"Destroyer - 013 - Acid Rock" - читать интересную книгу автора (Murphy Warren)


His report concluded that the attempt on the life of Vickie Stoner had obviously been planned by someone with a lot of intelligence and very little experience--which ruled out any foreign power. It was his belief that the men who had attempted the assassination were also the planners of it. Certainly there was nothing in the attempt to suggest that it was beyond the capability of beach bums.

What was of special interest, his report stated, was that this was an open contract, something he had read about but had assumed did not exist, for reasons obvious to anyone familiar with the field. This open contract was real and payable, and the money in the funeral wreaths was proof.

It was inevitable that experienced professionals would now attempt to collect the sum, if Vickie Stoner was still alive-which was doubtful. Supervisor Watkins had stated the case accurately: "hopeless." But it was of no concern to N.S.A., since no foreign power was involved.

So ended his summary, and the directors of the N.S.A. did not even bother to completely read it. "No foreign power" put it out of their jurisdiction. As a matter of fact, they had not even ordered the report. A secondary-level official had. He had sent a Xerox of it along to his superior, who he assumed was engaged in some kind of watchdog agency.

Twelve hours had passed between the time Supervisor Watkins had said "hopeless" and the time the Xerox copy of the report landed on a desk in Folcraft Sanitarium in Rye, New York.

At Folcraft the report was read thoroughly; it was there that the order for it had originated. A lemon-faced man scanned the words, jotted some semireadable notes to himself and then filed the copy in a round tube, which shredded it.

He leaned back in his chair and looked out through the one-way glass toward the Long Island Sound, dark now, waiting for the sun.

Hopeless? Maybe not. An interesting equation was at work here. If Miss Stoner were alive, then more competent assassins would go after her. And if they were stopped, then only more competent ones would come. An acceleration of excellence, leading to the very best wherever or whoever he or they might be.

Dr. Harold Smith looked out into the darkness. Wherever they might be. He knew where they were. He was going to send them a telegram. But Vickie Stoner would not worry. The best in the world would be on her side; she need only worry about the second best.

Dr. Smith dialed Western Union himself. His secretary had long since gone home. He gave the name of the person he wished the telegram sent to, and then the message:

"Aunt Mildred to visit tomorrow. She wants the green room."


CHAPTER TWO


His name was Remo and he didn't care when Aunt Mildred was arriving or what room she wanted, and why didn't Western Union go back to the singing telegram, he wondered aloud.

Instead of returning the receiver to the cradle, he placed thumb and forefinger over the telephone cord and with a gentle snap yanked it out of the wall. It was 4:30 a.m.

His suite in Atlanta's Hyatt Regency was air conditioned to a just bearable chill, only slightly more pleasant than the oppressive heat that was building up for the coming day. His mouth tasted of salt, but Chiun had said it would taste of salt. He went to the bathroom and let the water run and when it was cold stuck his mouth to the faucet and filled it.

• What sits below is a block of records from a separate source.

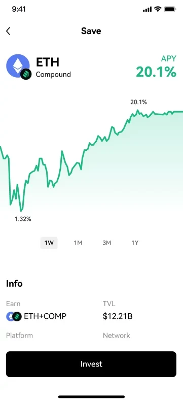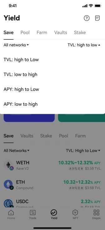 解决方案:Web3赚币(Yield)因为聚合了绝大多数链上协议,产品主页可以清晰展示主流协议应用下投资品的APY排名,用户可在查看排名列表的同时直接点击进入选中的项目,一键完成投资,缩短投资决策路径。
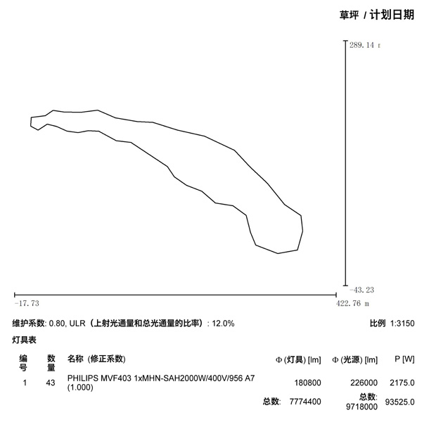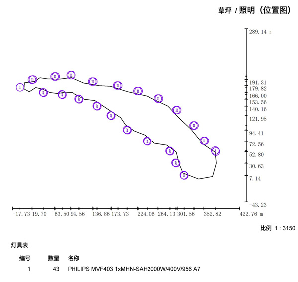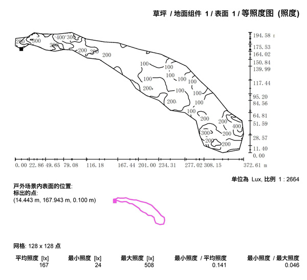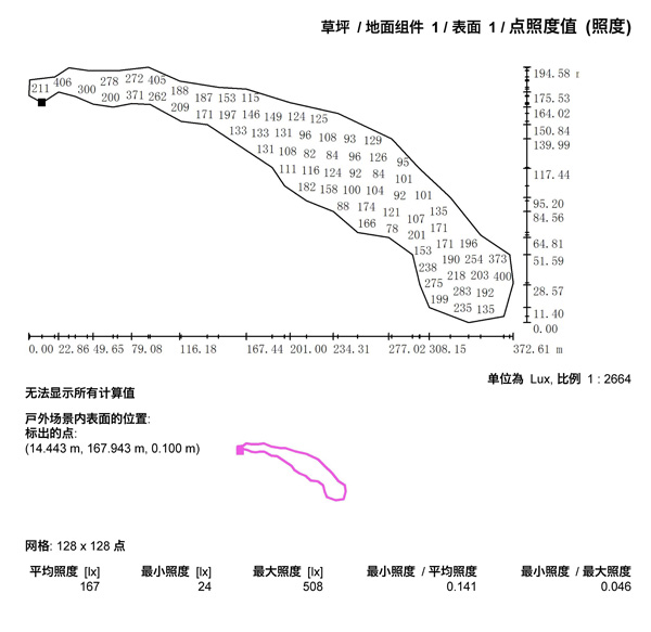 在所有體育相關(guān)的照明標準中,只有IESNA RP-6-01《體育運動照明標準》中明確提出了對高爾夫球場的水平照度要求。下面介紹本案高爾夫球場照度計算。
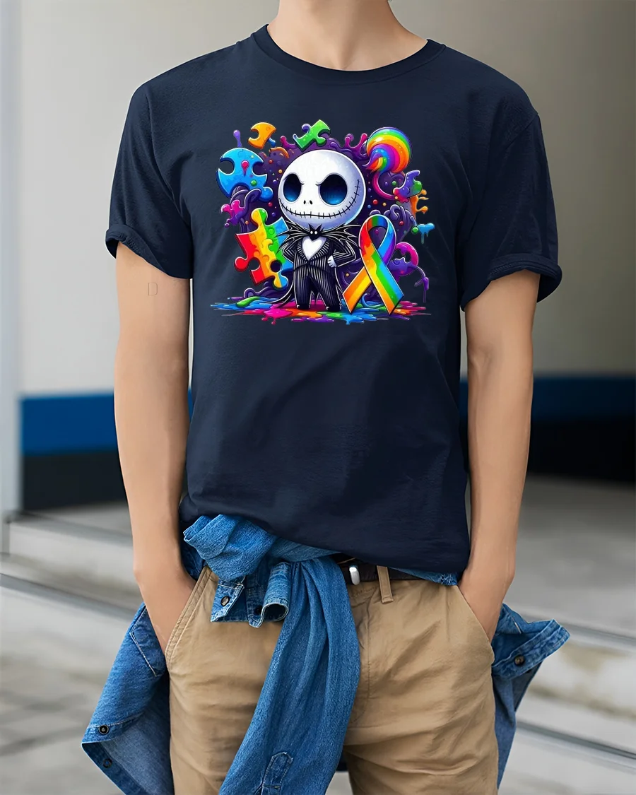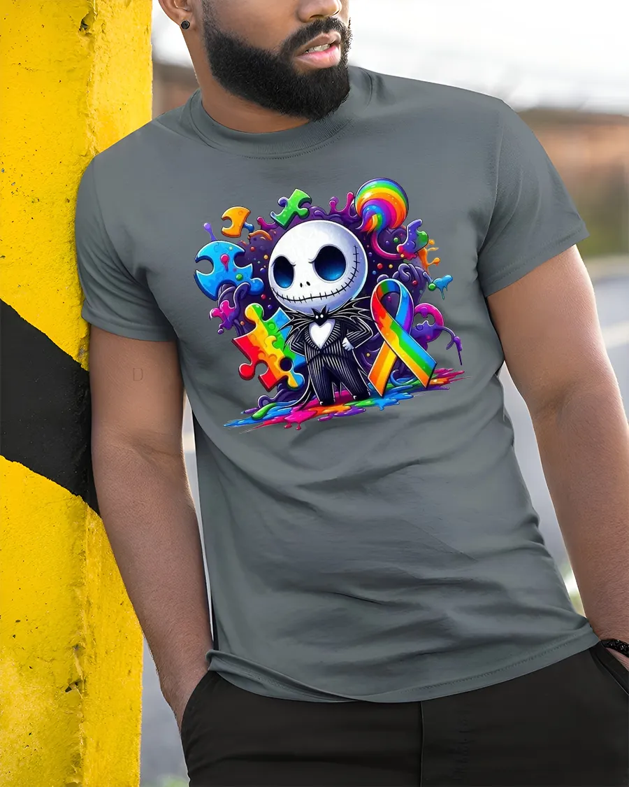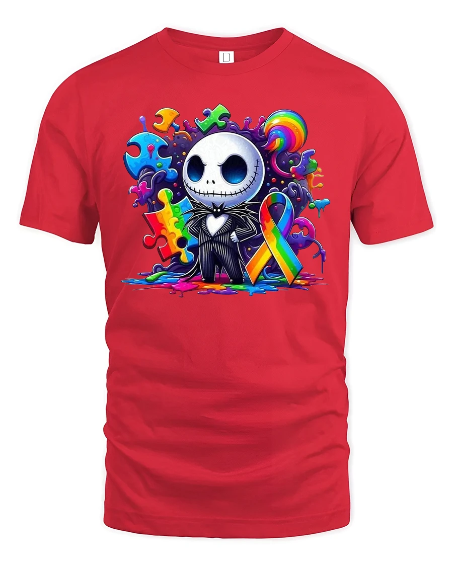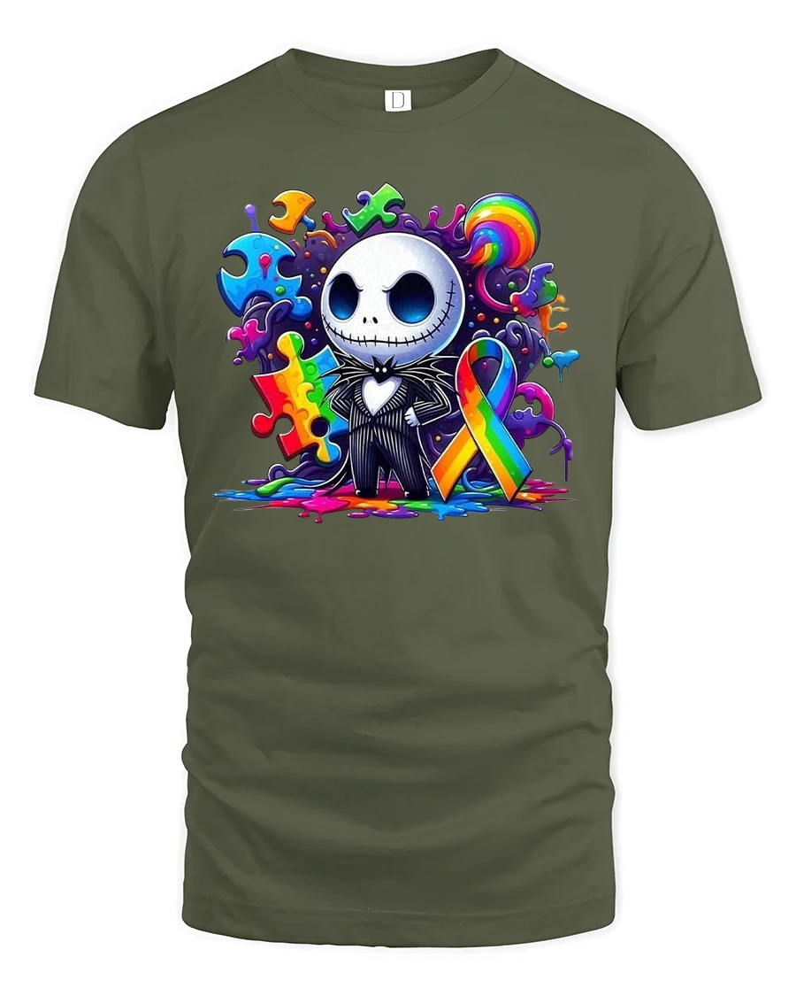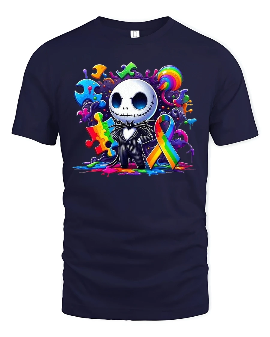 Featuring a unique skeleton character surrounded by vibrant puzzle pieces and a bright rainbow ribbon, this design celebrates diversity, creativity, and individuality in a fun, artistic style.
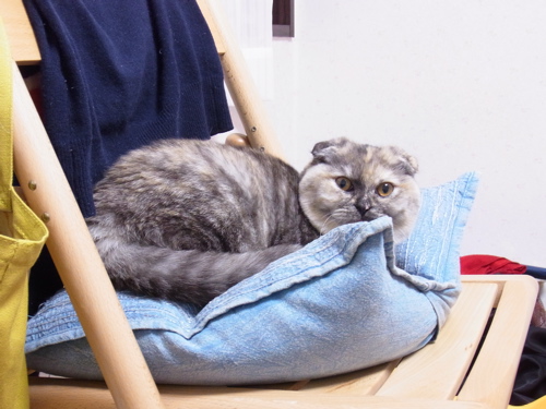 椅子にしがみつくうちの猫。
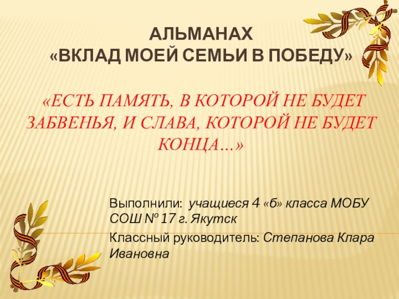 Выполнили: учащиеся 4 «б» класса МОБУ СОШ № 17 г. Якутск
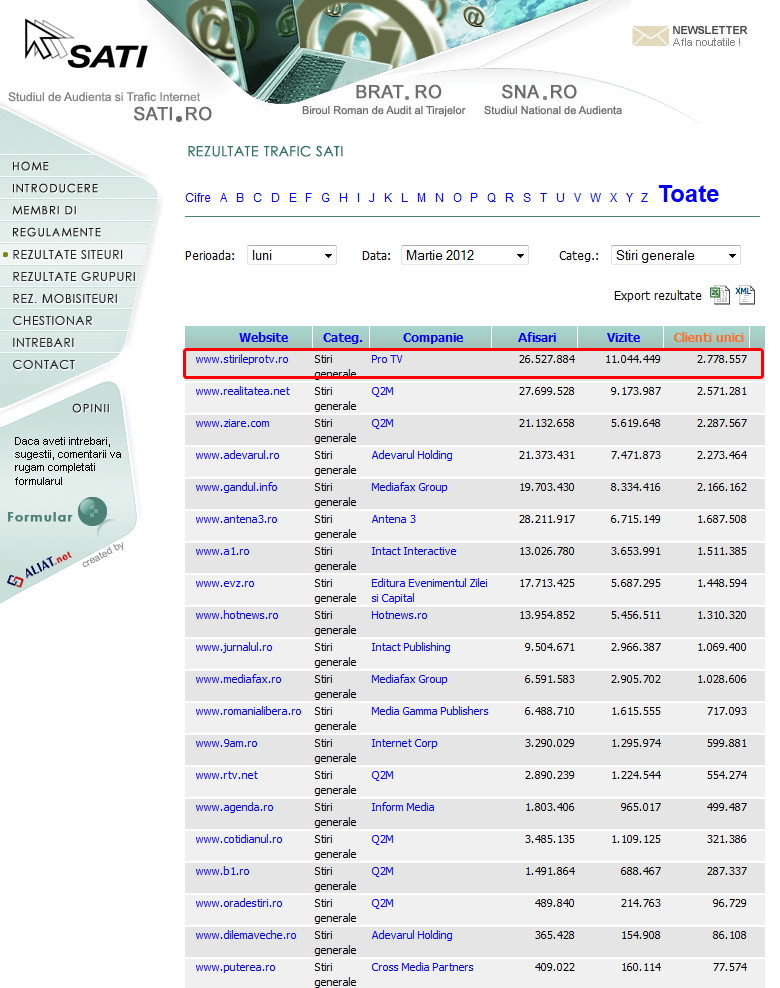 STIRILEPROTV.RO ramane site-ul nr. 1 de continut din Romania in clasamentul SATI pe luna martie
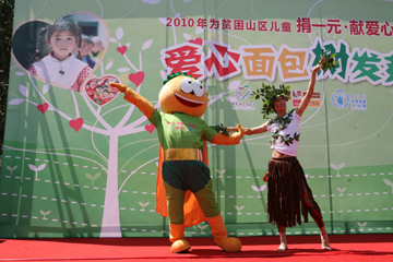 隨后,活動主辦方中國扶貧基金會、百勝餐飲集團(tuán)邀請呼家樓小學(xué)的師生一起種下了“愛心面包樹”,標(biāo)志著童話《面包旅行記》正式啟動,孩子們將利用暑期寫一篇童話,集結(jié)成冊送到貧困山區(qū)孩子手中。同時,活動主辦方也向大家發(fā)出倡議,積攢手中的零花錢,為山區(qū)孩子補充營養(yǎng)、奉獻(xiàn)一份愛心。

Sloshing the water around his mouth, he went to the darkened living room of the hotel suite. On a bare portion of the floor slept a frail figure on a mat, a black kimono reaching from the toes to the wisps of white hair. Chiun, the latest Master of Sinanju.

One did not wake the Master of Sinanju, especially not his pupil, even though Remo was never quite sure when Chiun was asleep or in one of his fifty-nine stages of relaxation, sleep being the fiftysecond. Someday, Chiun had said, Remo would achieve these same stages, even though he had started his enlightenment late and even though he was only a white man.

Why was Remo so lucky that he would learn all those stages, Remo had wondered. Because the Master of Sinanju could do wonders with nothing, the nothing being Remo.

"Thanks for your confidence, Little Father," Remo had said and then Chiun had warned him of the coming night of the salt. On that night, Chiun had said, Remo would doubt himself and his abilities and would do something foolish to prove to himself that his skills and training were valid. "But in your case, there will be a problem."

"What problem, Little Father?"

"How will you be able to tell when you do something foolish, since it is so much like everything else you do," Chiun had said, and thought that this was amazingly funny, so funny he repeated it for days and attributed the fact that Remo did not appreciate the witticism to Remo's typical white man's lack of humor.

Sinanju was a village in North Korea, whose poor and young were supported by the labors of the Master of Sinanju, plying the trade of the professional assassin. Chiun, even though eighty years old, was the reigning master of Sinanju. He had himself experienced the night of the salt when he was twelve years old, almost as a rite of puberty. It was another sign of the body becoming something else, he explained.

"What else?" Remo asked.

But Chiun did not answer his pupil, for as he pointed out, a man who lacked a sense of humor also surely lacked wisdom.